The Department plays a major role in the General Studies Program of the University offering diverse courses in both the Natural and Socials Sciences. The Department also offers four (4) baccalaureate degrees/majors (BA, BS, BS with GIS/Spatial Analysis Option, and BS with an Environmental Option), a 7-12 Teaching Endorsement, and two (2) Minors (Geography and Spatial Analysis). The Department’s Assessment Plan assesses both the Major/Minor components and the General Studies component, but with different emphases and assessment tools.
A variety of active, student centered mission components are derived from the Department's mission:
- Students will demonstrate regular progress towards and attainment of professional levels of communication of geographic data and analysis, including writing, oral presentations and/or poster presentation skills;
- Students will be competent in the presentation and interpretation of geographic information through the use of maps and other media. Geography Majors and Minors will be able to produce quality maps in one or more of the following production methods: Computer drafting, computer cartography, or applying Geographic Information Systems (GIS) technology to map production and spatial analysis;
- Students will demonstrate critical thinking and analytic skills through the ability to locate, assimilate, organize, and critically review appropriate geo-spatial information.
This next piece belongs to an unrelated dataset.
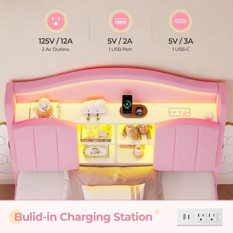 Chic Upholstered Bed Frame for Girls with LED Lights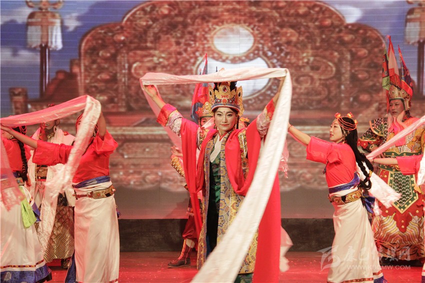 演出于晚8點正式開始,演員們的傾情表演,為觀眾送上了一場格薩爾文化的藝術(shù)盛宴。臺上動聽的歌聲、悠揚(yáng)的旋律、精彩豐富的劇情吸引著觀眾的目光。臺下觀眾熱情高漲,掌聲不斷。

- Students will understand and demonstrate basic knowledge of the distinctiveness of places and regions at various scales of generalization;
- Students will be able to describe and explain the earth's basic physical and atmospheric processes, and how they affect the spatial distributions of landforms, climates, soils, vegetation and/or hydrologic features;
- Students will be able to describe and explain the basic characteristics, distribution and interconnectedness of human and cultural features on the Earth’s surface;
- Students will be able to describe and explain various human-land interactions as they relate to both the effects of human activities upon the landscape and landscape processes, as well as the effects of the landscape and landscape processes on human activities.
- Students will demonstrate the set of civil and professional values and conventions that serve to enhance communication and encourage cooperation with and among colleagues;
- Students will demonstrate responsible and professional work habits and ethical standards in their coursework and subsequent careers.